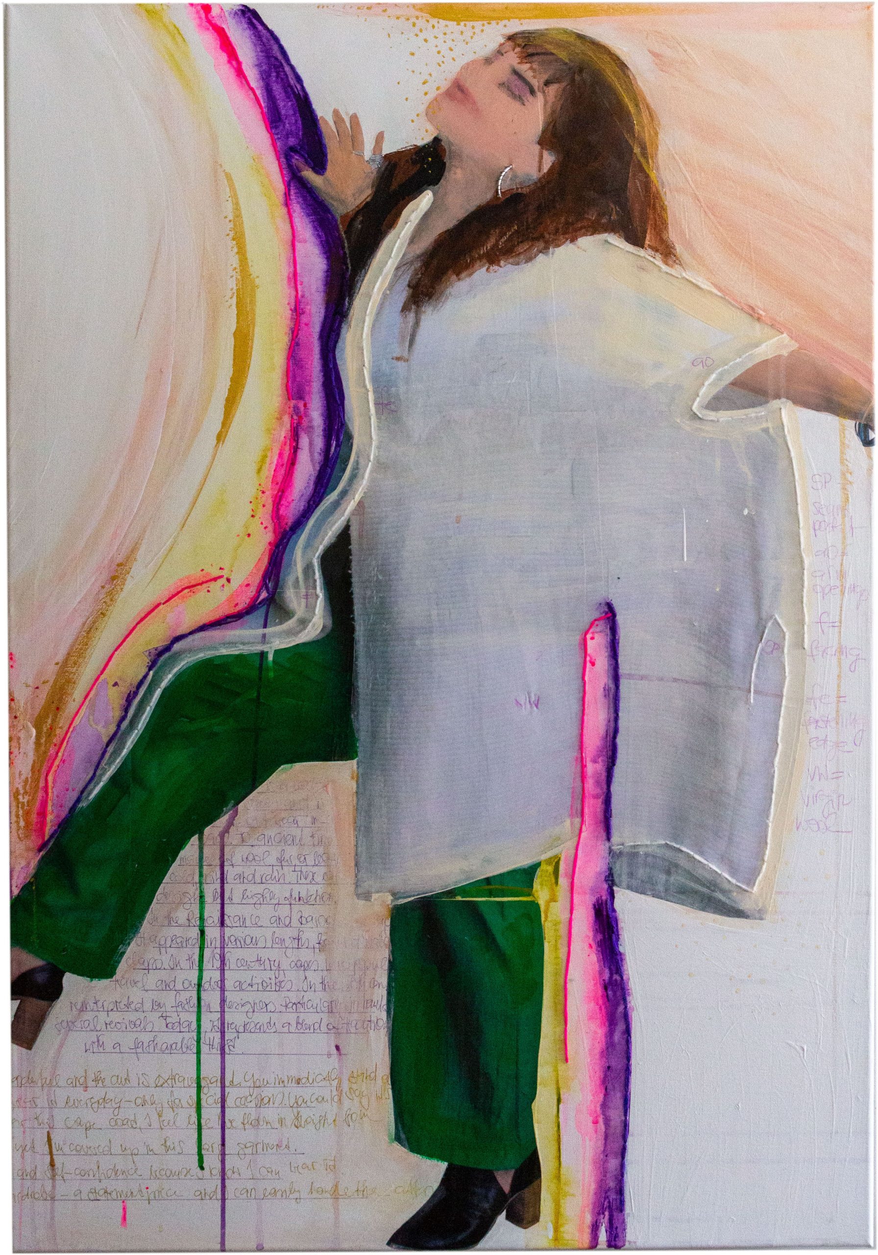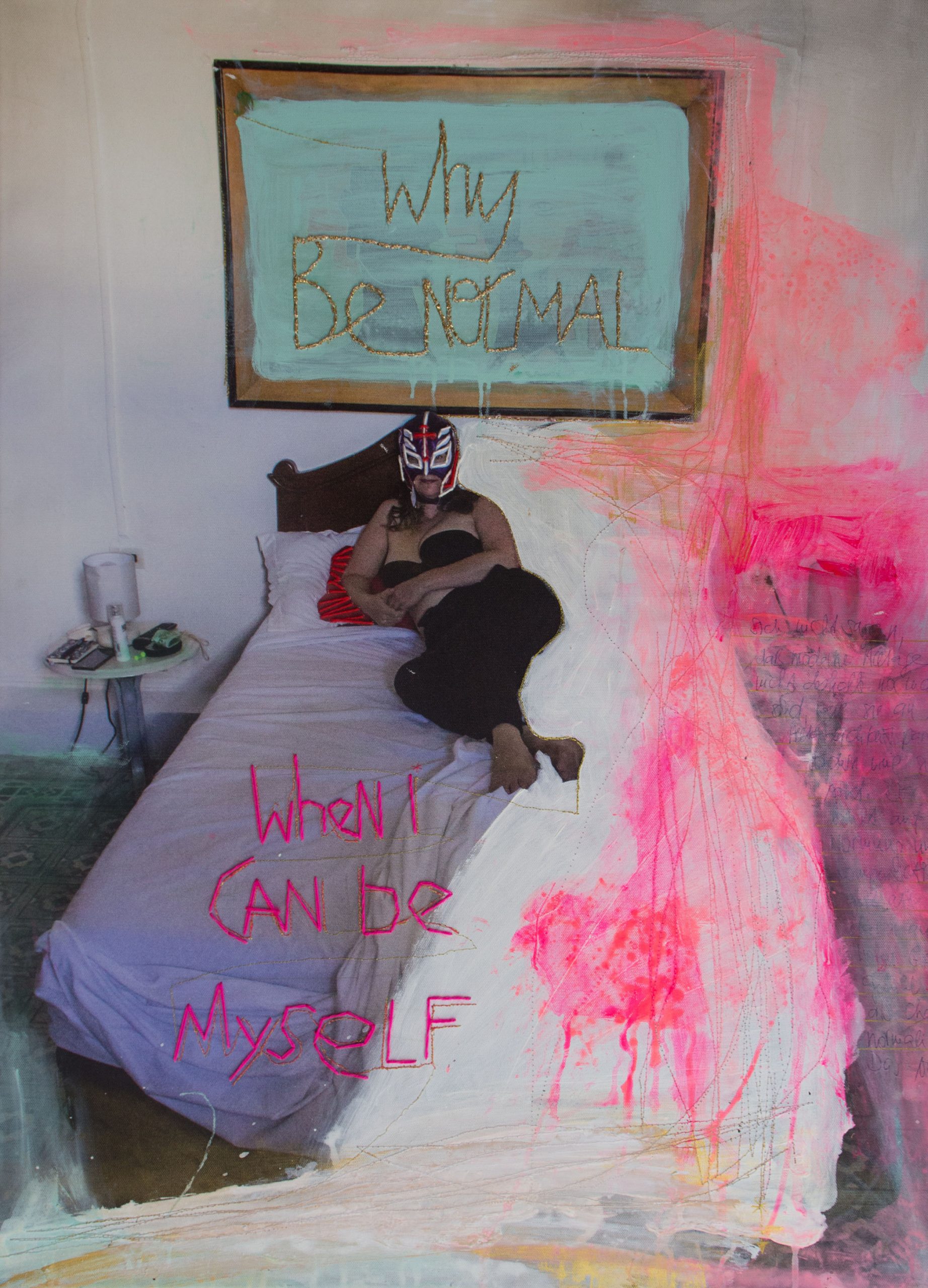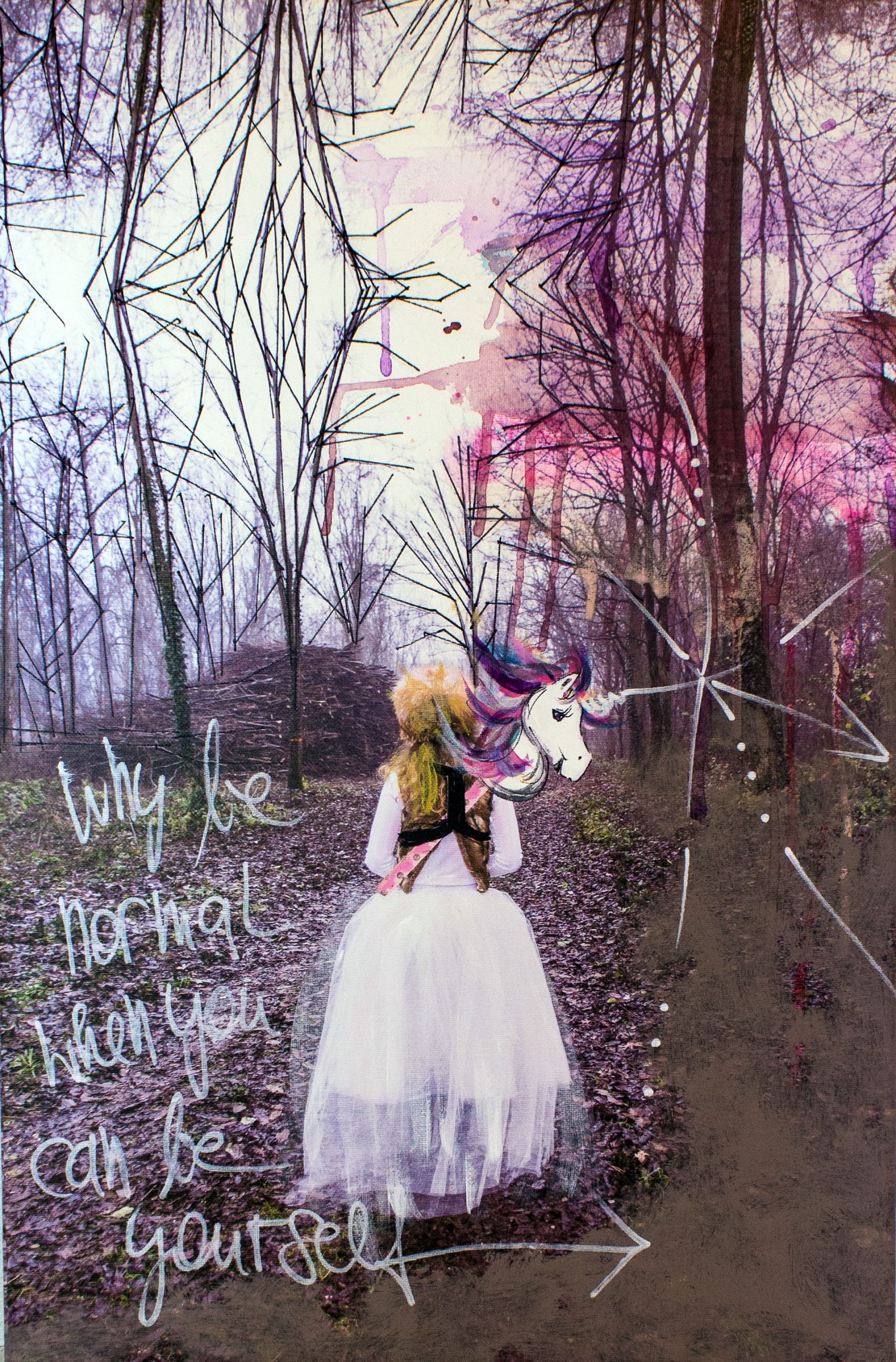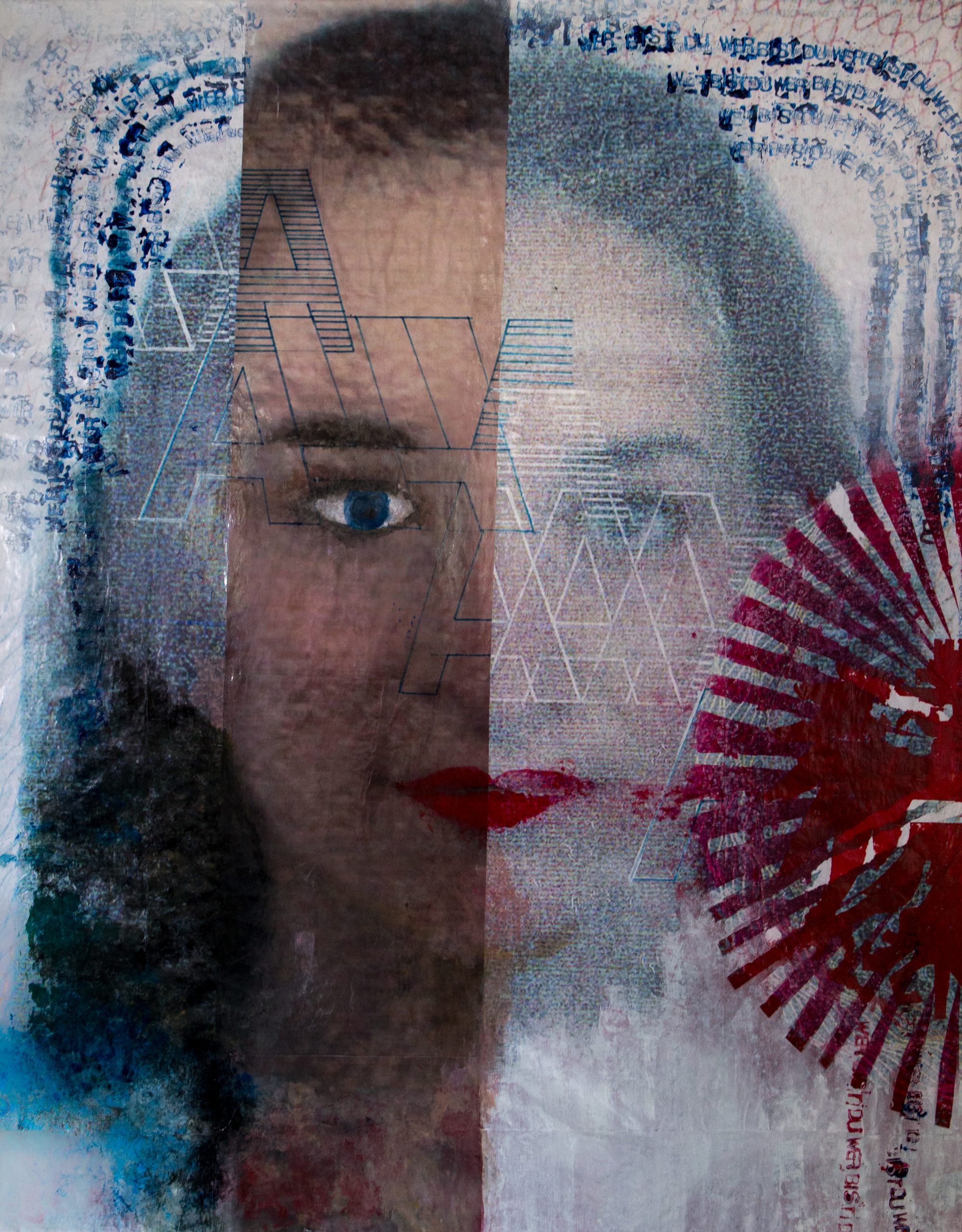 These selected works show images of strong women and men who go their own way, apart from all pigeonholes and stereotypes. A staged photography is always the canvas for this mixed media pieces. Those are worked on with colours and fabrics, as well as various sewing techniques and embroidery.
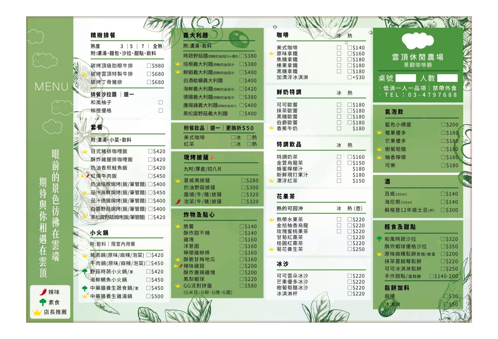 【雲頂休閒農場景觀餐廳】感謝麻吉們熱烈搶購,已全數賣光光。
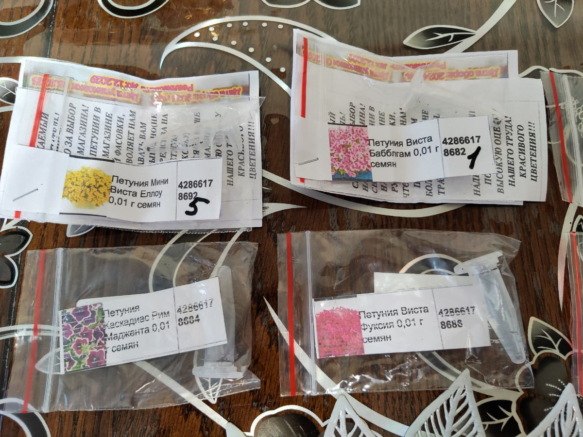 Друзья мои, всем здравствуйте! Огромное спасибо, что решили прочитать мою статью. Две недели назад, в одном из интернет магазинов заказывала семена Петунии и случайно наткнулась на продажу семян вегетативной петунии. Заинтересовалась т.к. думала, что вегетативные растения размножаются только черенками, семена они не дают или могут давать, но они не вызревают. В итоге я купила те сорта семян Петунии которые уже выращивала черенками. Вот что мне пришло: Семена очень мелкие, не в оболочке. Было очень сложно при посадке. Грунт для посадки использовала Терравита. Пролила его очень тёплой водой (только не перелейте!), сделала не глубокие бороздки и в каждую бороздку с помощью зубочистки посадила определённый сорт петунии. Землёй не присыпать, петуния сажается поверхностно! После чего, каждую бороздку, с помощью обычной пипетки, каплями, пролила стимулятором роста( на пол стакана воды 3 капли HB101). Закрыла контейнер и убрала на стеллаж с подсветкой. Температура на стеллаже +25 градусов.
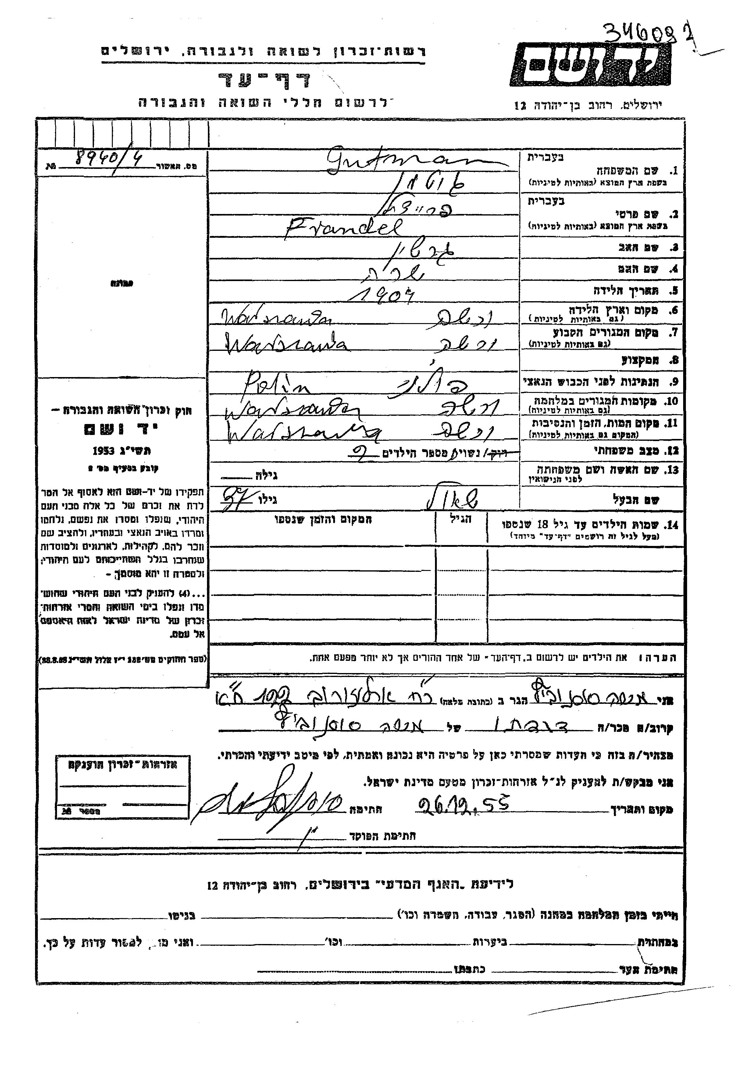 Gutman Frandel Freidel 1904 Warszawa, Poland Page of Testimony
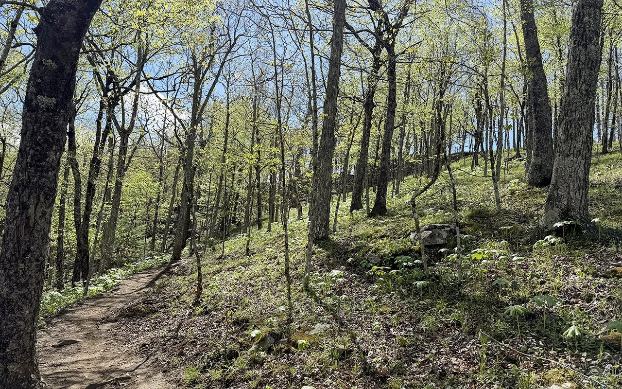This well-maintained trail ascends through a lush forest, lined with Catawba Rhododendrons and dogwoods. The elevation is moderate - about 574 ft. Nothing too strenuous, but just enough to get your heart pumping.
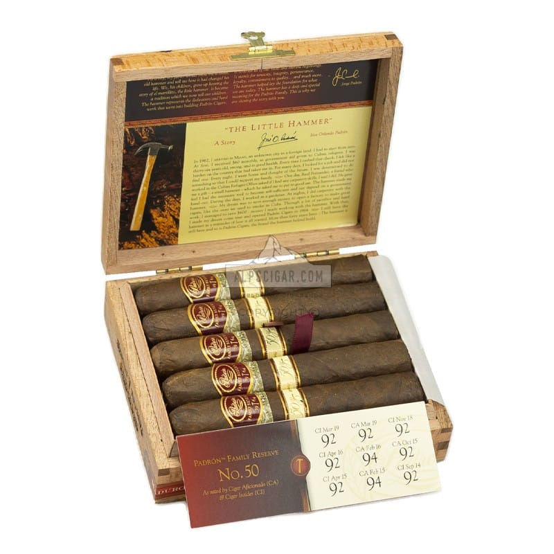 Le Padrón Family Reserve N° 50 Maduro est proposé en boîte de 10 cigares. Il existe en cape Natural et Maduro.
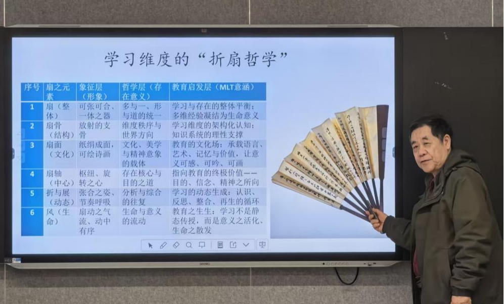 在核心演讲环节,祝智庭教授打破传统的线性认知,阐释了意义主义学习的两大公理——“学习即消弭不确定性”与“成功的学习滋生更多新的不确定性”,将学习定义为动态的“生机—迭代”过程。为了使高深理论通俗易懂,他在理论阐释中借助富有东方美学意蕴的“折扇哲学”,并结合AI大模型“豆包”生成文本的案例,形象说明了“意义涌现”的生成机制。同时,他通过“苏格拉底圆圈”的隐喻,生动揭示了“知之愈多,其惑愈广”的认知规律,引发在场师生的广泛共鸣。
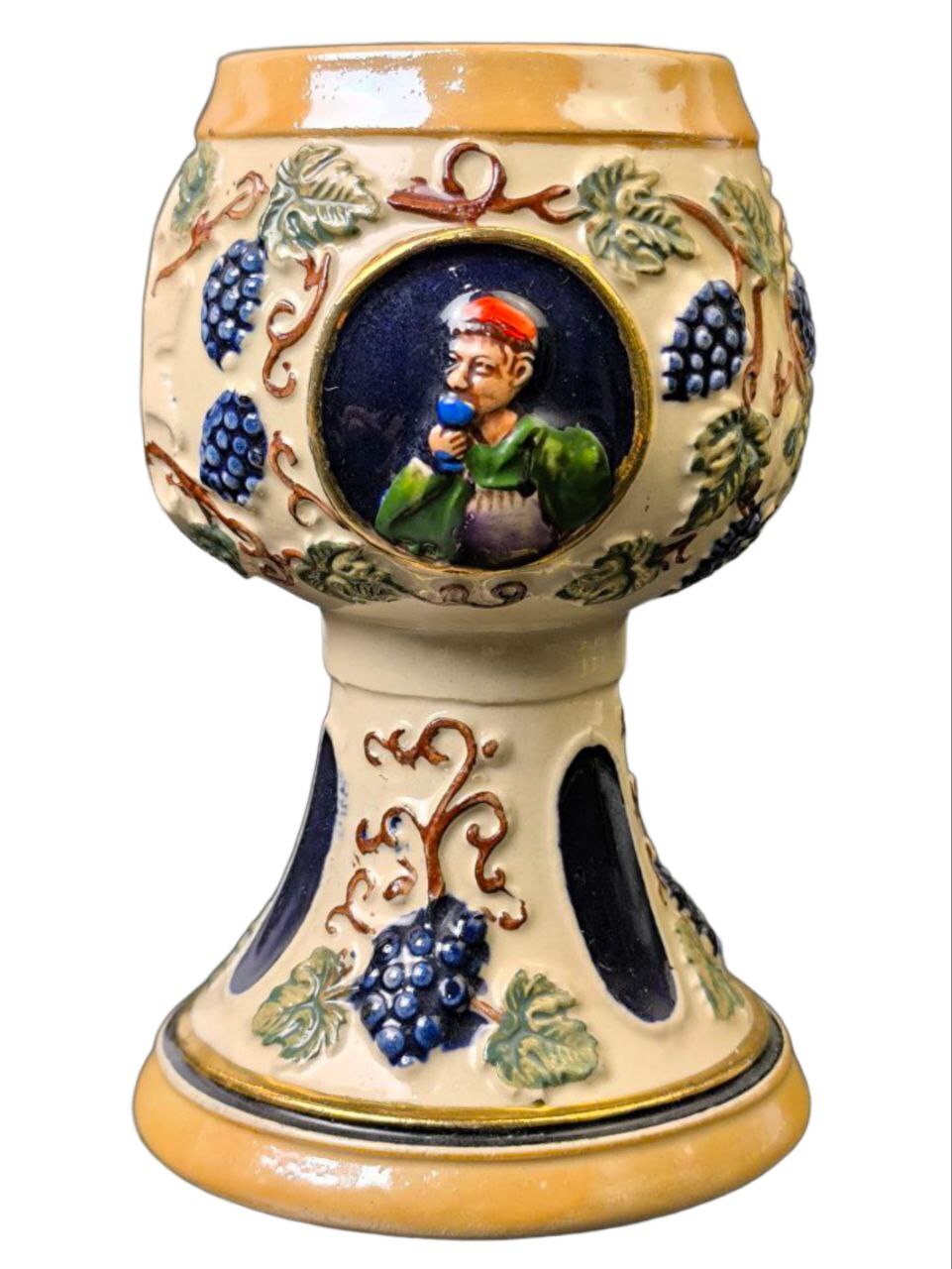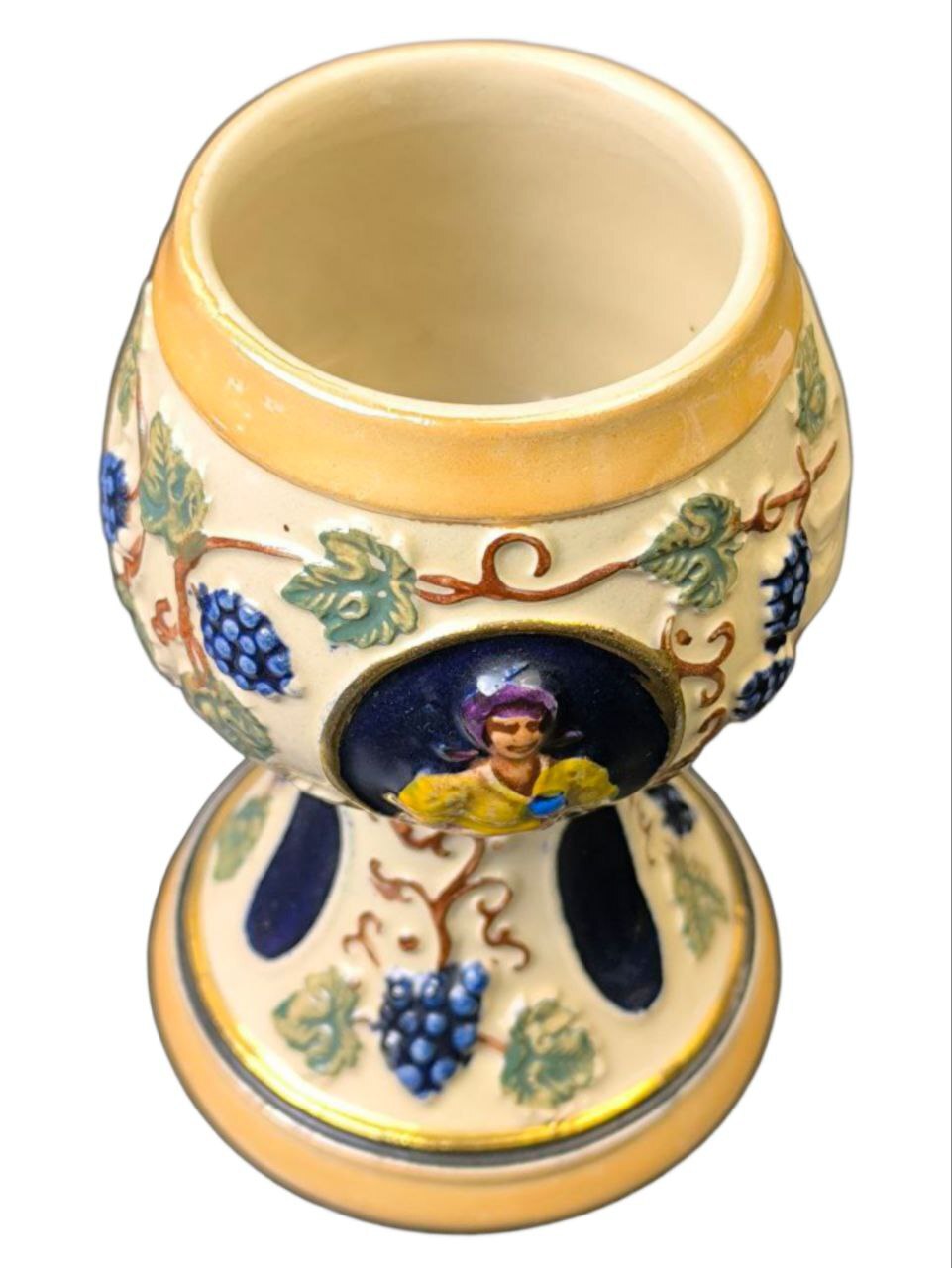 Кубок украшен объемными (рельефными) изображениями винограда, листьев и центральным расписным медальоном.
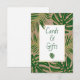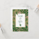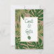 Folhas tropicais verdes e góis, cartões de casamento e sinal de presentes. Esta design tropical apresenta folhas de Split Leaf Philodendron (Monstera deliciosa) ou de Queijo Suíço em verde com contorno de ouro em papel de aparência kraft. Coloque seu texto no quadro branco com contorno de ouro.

· · · · · · ·

# Exercise
Reproduce exactly the lines above starting at the line containing "Gutman Frandel Freidel" and ending at the line containing "Кубок украшен объемными", including both, but not the pictures.

# Solved exercise
 Gutman Frandel Freidel 1904 Warszawa, Poland Page of Testimony
This well-maintained trail ascends through a lush forest, lined with Catawba Rhododendrons and dogwoods. The elevation is moderate - about 574 ft. Nothing too strenuous, but just enough to get your heart pumping.
 Le Padrón Family Reserve N° 50 Maduro est proposé en boîte de 10 cigares. Il existe en cape Natural et Maduro.
 在核心演讲环节,祝智庭教授打破传统的线性认知,阐释了意义主义学习的两大公理——“学习即消弭不确定性”与“成功的学习滋生更多新的不确定性”,将学习定义为动态的“生机—迭代”过程。为了使高深理论通俗易懂,他在理论阐释中借助富有东方美学意蕴的“折扇哲学”,并结合AI大模型“豆包”生成文本的案例,形象说明了“意义涌现”的生成机制。同时,他通过“苏格拉底圆圈”的隐喻,生动揭示了“知之愈多,其惑愈广”的认知规律,引发在场师生的广泛共鸣。
 Кубок украшен объемными (рельефными) изображениями винограда, листьев и центральным расписным медальоном.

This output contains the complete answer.